1 (reliable without restriction)

Rationale for reliability incl. deficiencies:

other: study was preformed according to GLP

Data source

Materials and methods

Principles of method if other than guideline:

This "in vitro study" is preformed to assess the irritating potential of Blei-cyanamid by detection of damages in blood vessels under the chorioallantoic membrane of nine day incubated chicken eggs.

GLP compliance:

yes

Test material

Test animals / tissue source

Species:

other: Lohman Leghorn chicken eggs

Strain:

not specified

Details on test animals or tissues and environmental conditions:

Freshly laid Lohmann Leghorn chicken eggs will be obtained from the LSL Rhein Main Geflügelvermehrungsbetrieb (Dieburg, Germany) nine days before the start of the test (the day of delivery will be stated in the final report).
Incubation
The eggs are incubated at 38.3 ± 0.2 °C and 58 ± 2% humidity for eight days in a still air incubator. During incubation, the eggs are rotated to prevent an attachment of the embryo to one side of the egg.

Test system

Vehicle:

water

Details on study design:

Preparation of Test System
24 hours before the start of the experiment (eight days after obtaining the eggs), the chicken eggs are candled and non-viable eggs are discarded. The rest of the eggs is placed upward in the incubator until the next day.
On the day of the test, the eggs are removed from the incubator for use in the assay.
At first, the eggs are weighed and only eggs with a weight between 50g and 60g are used. All other eggs are discarded. Then, the eggs are candled and the air bubble is marked. The egg is opened on the air bubble with a rotating dentist’s saw blade or tweezers. The inner membrane is moistened with 0.9 % NaCl; then, the egg is left to stand into the incubator for 30 minutes. After this period, the solution is decanted and the inner membrane is carefully removed with a forceps.
Description of the Method
The test item resp. the negative control resp. the positive control is given directly onto the CAM surface.
For each replicate of the liquid negative and positive controls, 300 µL are measured using an adjustable pipette with single-use tips.
For each test item replicate, 300 µL are measured using a centrifuge vial and weighed.
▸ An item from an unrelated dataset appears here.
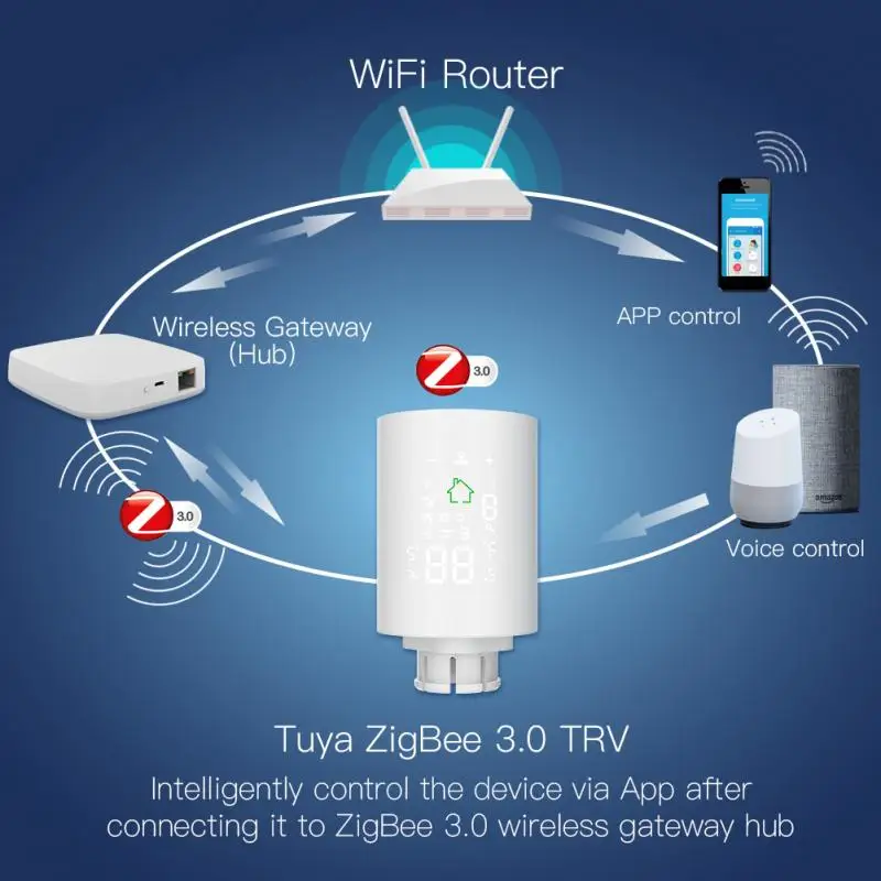 4. Голосовое и дистанционное управление для беспроводного шлюза Tuya ZigBee: поддерживает приложение дистанционного управления через ваш смартфон, вместе с голосовым управлением без рук через Alexa и Google Assistant после успешного подключения вашего клапана к приложение Tuya /Smart Life на основе одного беспроводного шлюза Tuya ZigBee.

If the weight surpasses 300 mg, six replicates with 300 ± 30 mg each are weighed for the test. If the weight is less than 300 mg, six replicates with 300 µL each are weighed for the test.
Number of eggs which are used for the test item: 6
Number of eggs which are used for the negative control: 3
Number of eggs which are used for each positive control: 3
The reactions on the CAM are observed over a period of 301 seconds.
The following endpoints are described in the guideline:
• haemorrhage (bleeding from the vessels)
• vascular lysis (blood vessel disintegration)
• coagulation (intra- and extra-vascular protein denaturation)
The time for the appearance of each of the noted endpoints is monitored and recorded in seconds.

Results and discussion

Any other information on results incl. tables

The substance lead cyanamid can be regarded as severely irritant.

Applicant's summary and conclusion

Interpretation of results:

other: severly irritant

Conclusions:

The presented data are reliable and adequate. The EU-Method is an international accepted method. This method had been chosen to avoid unnecessary animal experiments.

Executive summary:

The substance lead cyanamid can be regarded as severely irritant.